Image credits: © BMW.

2010 BMW M3 GT2 Art Car

World Premiere of Jeff Koons' BMW Art Car at the Centre Pompidou in Paris. Car will race at 24 hours of Le Mans.

2010 BMW M3 GT2 Art Car
At the premiere of the 17th BMW Art Car Jeff Koons unveiled and signed his car in front of 300 international VIP guests on June 1 in the Centre Pompidou, one of the world's most prestigious cultural institutions for modern and contemporary art. It is the same place where Roy Lichtenstein back in 1977 first presented and signed his Art Car.

In the spirit of Calder, Stella, Lichtenstein, Warhol, BMW announced this year that the 17th Art Car created by Jeff Koons will race where the first rolling pieces of art by legendary artists raced – at the 24 Hours of Le Mans in France on June 12-13, 2010. Koons' canvas is a BMW M3 GT2, which was homologated to compete at this year's running of the world's most famous endurance race.

On June 2, between 11 am to 9 pm, the public will have the chance to see the Art Car free of charge in the Forum of the Centre Pompidou. At 5.30 pm Jeff Koons will participate in a book signing at the official book store of the museum before he will talk about his work in conversation with Alain Seban, President of the Centre Pompidou, at 6 pm at the Forum of the museum.

The Design Process 2010 BMW M3 GT2 Art Car
As part of his creative process, the artist collected images of race cars, related graphics, vibrant colors, speed and explosions. The resulting artwork of bright colors conceived by Koons is evocative of power, motion and bursting energy. Its silver interior along with the powerful exterior design, the Art Car will impart a dynamic appearance even when it's standing still.

'These race cars are like life, they are powerful and there is a lot of energy,' said Koons. 'You can participate with it, add to it and let yourself transcend with its energy. There is a lot of power under that hood and I want to let my ideas transcend with the car – it's really to connect with that power'.

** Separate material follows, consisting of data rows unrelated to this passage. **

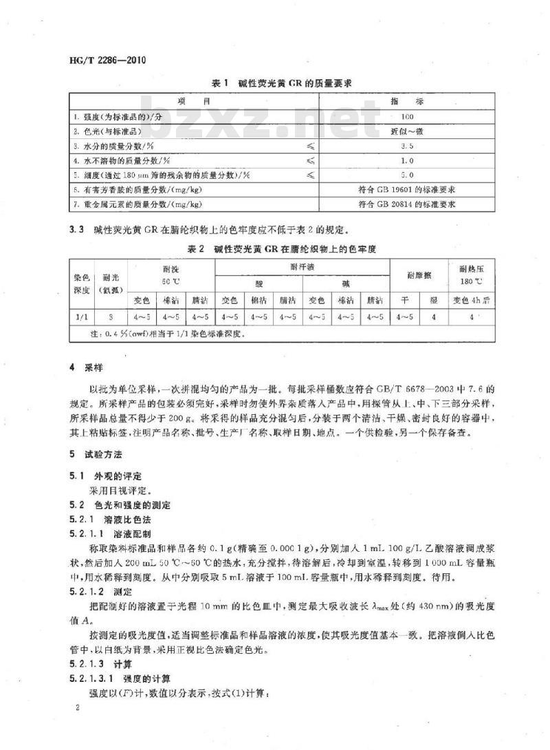 3.2碱性荧光黄GR的质量要求应符合表1的规定。HG/T2286—2010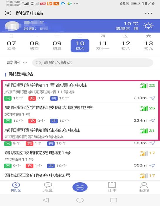 4.弹出每组充电桩的使用情况---点击下面“扫描充电”---开始充电。用户可自行选择充电金额,并可在手机上随时关注充电状态。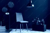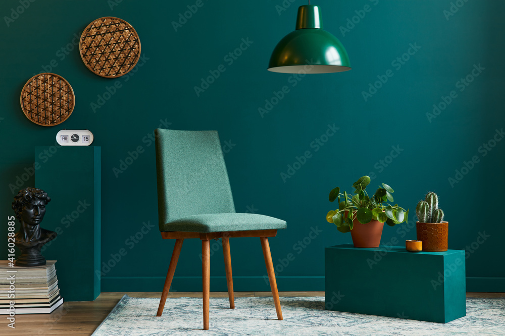 Stylish concept of living room interior with design chair, tropical leaf in beige vase, clock, retro carpet, decoration, pendant lamp and accessories in modern vintage home decor.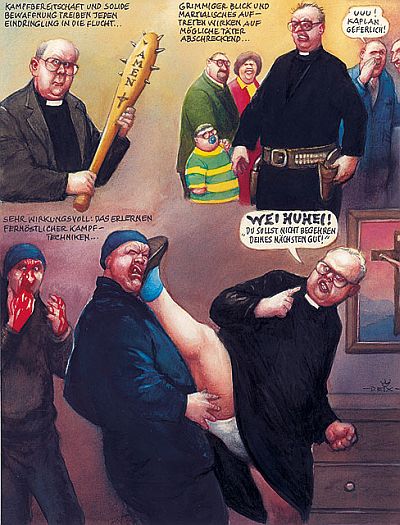 Aber es genügt ja schon, im eigenen Land mit Teeren und Federn bedroht zu sein. Von Elfriede Jelinek, Homos und Heteros, DJ Ötzi, Bären-Freunden, Hermann Nitsch-Verehrern, Jörg Haider-Epigonen, dem Vatikan und anderen Trachtenvereinen wollen wir gar nicht erst anfangen, wenn uns die auch auf Schritt und Tritt in diesem prächtigen (tatsächlich goldenen) Wälzer begegnen. Sollte der deutsche Leser all die angeprangerten Perversionen, Skandale, Lächerlichkeiten und aufgedeckten Lügen auf die Verhältnisse seiner Republik hochrechnen und von Deix zeichnerich aufarbeiten lassen, käme eine monumentale Nestbeschmutzung von fast 3300 Seiten dabei heraus. Aber was heißt schon "Nestbeschmutzung"? Manfred Deix tut nur, was andere sich nicht trauen: er lüpft den schützenden Vorhang, hinter dem sich eine fröhliche Friede-Freude-Eierkuchen-Gesellschaft, die korrupte Politik, eine skrupellose Wirtschaft und der nachgerade pervertierte Kunstbetrieb zu verstecken suchen, um ungestört weiter den unanständigen Geschäften nachgehen zu können.

Koons has been in an intense collaboration with BMW's team in Munich for months – melding his skill with sophisticated BMW engineering – to ensure that the 17th BMW Art Car will be race-ready for the 24 Hours of Le Mans.

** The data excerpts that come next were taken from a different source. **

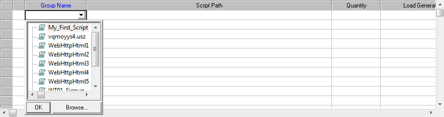 当您单击“组名”列下的单元格时,会打开一个小框,即 – 在这里您可以看到最近的 VUser 脚本的快速列表以及浏览按钮。请参考下图。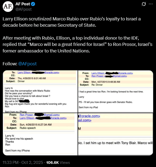 Truthout also noted: “Drop Site News reports that Ellison once vetted Secretary of State Marco Rubio for “fealty to Israel” with Ron Prosor, then-Israeli ambassador to the United Nations. Hacked emails show that Prosor updated Ellison in 2015 and 2016 on Israel’s actions at the United Nations and referred to a meeting where Ellison expressed “a wish to get more involved in Israel.””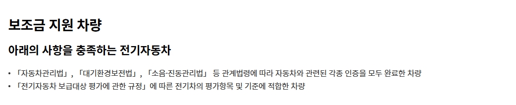 - 보조금 전액 지원 차량의 가격 기준 강화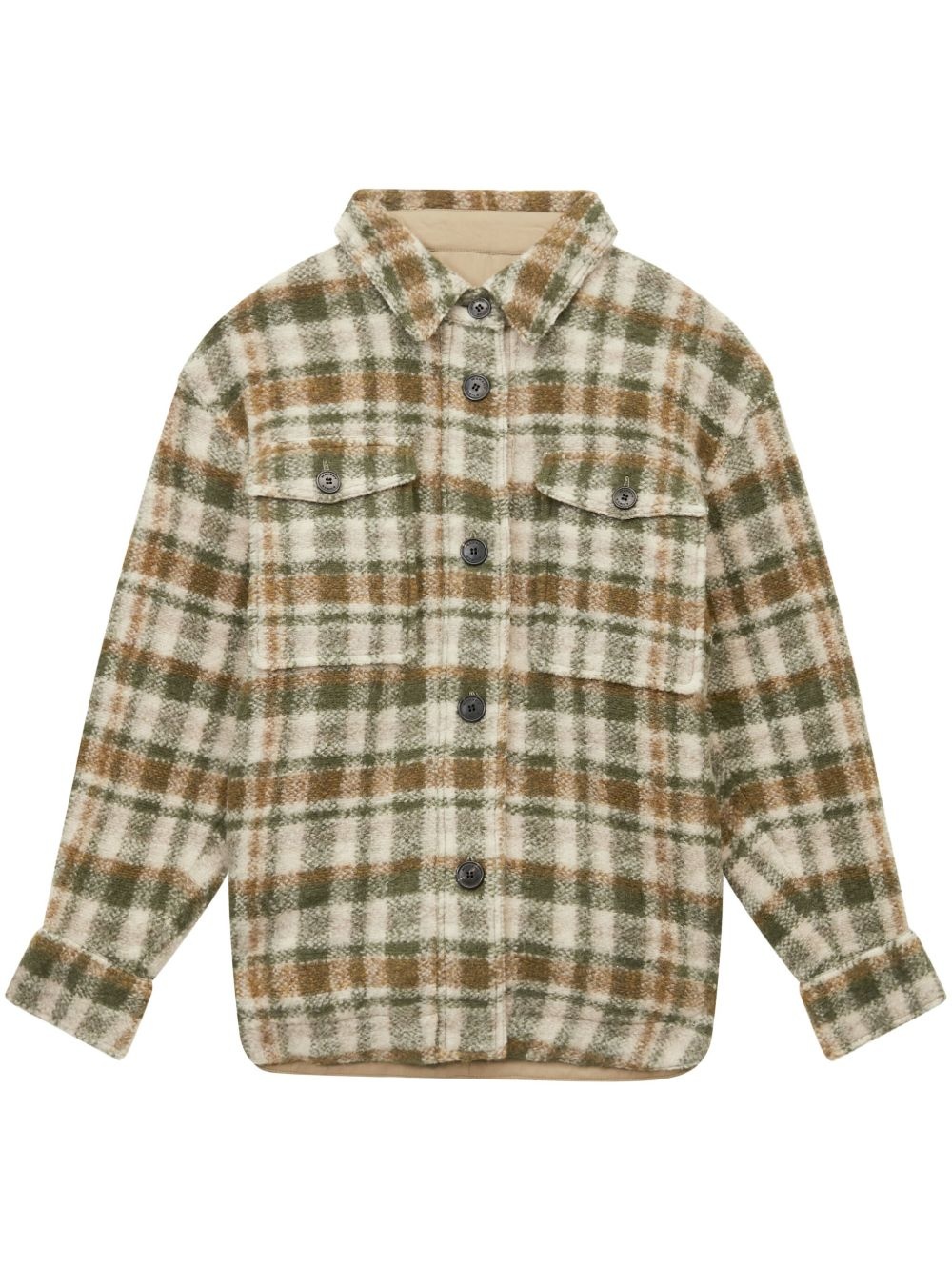 Harveli coat Highlights - Khaki - Wool blend - Check pattern - Embroidered logo to the rear - Classic collar - Drop shoulder - Long sleeves - Buttoned cuffs - Front button fastening - Two chest flap pockets - Straight hem - Unlined Imported Composition Outer: Wool 63%, Polyester 33%, Other fibres 4% Lining: Cotton 100%, Polyester 100%

Traveling back and forth to Germany many times since the February 2 announcement that Koons would create the 17th BMW Art Car, the artist has worked with the BMW engineering and design teams to conduct in-depth explorations of materials and application options that will prove crucial to optimizing both the aesthetic and aerodynamic attributes of the race car. Working with actual 3-D computer-aided design (CAD) models of the BMW M3 GT2, Koons could simulate the application of the graphic to the car's surfaces and evaluate it from all angles.

Koons even donned a helmet and joined BMW's Rahal Letterman Racing Team for testing in Sebring, Florida, on February 23. Koons was able to experience the M3 GT2 at race speed to further inspire his design. As Koons describes it, he witnessed 'the raw unfiltered performance' of the M3 GT2 from the seat of a historic BMW M1 race car. Koons also drove a BMW M3 Coupe on the circuit to further the dynamic exercise.

Únder Koons' direct guidance and supervision, his BMW Art Car was produced in assistance with a team of BMW engineers and designers at Schmid Design, (ORT), Bavaria. The challenge to create the BMW Art Car had to do with using a light material and a design that would not interfere with the racecar's aerodynamics and weight. Timing was also an issue, as there was only a two month window between the first design sketches and the Paris world premiere. This is why digital print on car wrapping vinyl was used covered by a double clear-coating to bring out the color. To apply hundreds of dynamic lines of Koons' design onto the car, CAD designs were translated from 3D into 2D for the printing process and then painstakingly applied to the entire car as well as onto individual spare parts. Koons design incorporates many bright contrasting colors to communicate the aesthetics of power. The concept design was transformed into hard eged lines of color. Graphics of debris were added to the rear sides and back of the car to similute the power of the car. Furthermore, two graphic rings on the rear of the car represent supersonic acceleration.

Koons and BMW

The germination of Koons' collaboration with BMW began in 2003, when he expressed his desire to create a BMW Art Car. His relationship with BMW started more than two decades ago when he drove a BMW while residing in Munich, home to the BMW Group headquarters. Koons is known for his heartfelt appreciation of cars. Earlier this year he was even recognized by music icon Bono of Ú2 as one of the ideal artists to design a car that would make the world fall in love with automobiles again.
Koons' creative process for the BMW Art Car mirrors techniques, some borrowed from transportation design and development, which he regularly employs for his artistic production. For example, in the creation of Koons' monumental sculptures, his studio uses 3-D CAD models to evaluate the surfaces, assembles them via methods found in bike chop shops, and paints them in a manner based on sophisticated automotive painting techniques.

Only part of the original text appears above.